- Education: University of Southern California (BA, MA) University of Chicago Law School (JD) University of Chicago (PhD)
- Employer: University of Chicago Law School
- Known for: Civil procedure and law and economics

= William H. J. Hubbard =

American legal scholar

William H. J. Hubbard is an American legal scholar who is currently a professor of law at the University of Chicago Law School. He is an expert on civil procedure and law and economics.

==Education and career==

Hubbard graduated from the University of Southern California with a B.A. and an M.A. summa cum laude in 1997, majoring in economics. He ranked first in his class of 2,500. He was a recipient of the National Merit Scholarship. In 2000, he graduated with a J.D. with high honors from the University of Chicago Law School, where he served as executive editor of the University of Chicago Law Review and was a member of the Order of the Coif.

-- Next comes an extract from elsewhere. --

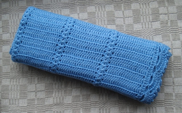 Sky Blue Baby blanket crocheted from 100% merino wool. This baby blanket is must have for layette. It would make a beautiful shower gift, and would be ideal to use for a Blessing, Baptism or Christening, as well as everyday use at home and for travel - in car seat, stroller/ pram, crib/ cot etc.
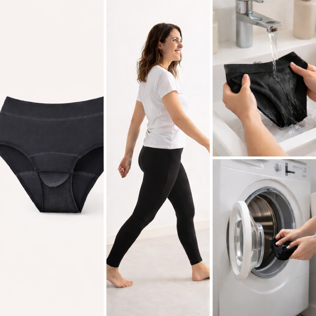 Te la pones y sigues. Absorbe rápido para que te sientas más seca y la capa antifugas ayuda a evitar escapes al dormir o en días largos. Se ajusta sin molestarte y queda discreta. Luego, enjuague en frío y lavadora. Listo: tranquilidad real, sin “sensación pañal”.

After graduating from law school, Hubbard worked as a law clerk for Judge Patrick E. Higginbotham on the U.S. Court of Appeals for the Fifth Circuit. Between 2001 and 2006, he worked as an associate at Mayer Brown, specializing in commercial litigation, appellate practice, and electronic discovery. In 2011, he completed a Ph.D. in economics at the University of Chicago.

In 2011, Hubbard joined the University of Chicago Law School faculty as an assistant professor. He became a tenured professor in 2016 and currently also serves as the Ronald H. Coase teaching scholar. He was a visiting assistant professor of law at Harvard Law School in 2015. He has published numerous articles in the areas of civil procedure, law and economics, and comparative law. He is an editor of the Journal of Legal Studies.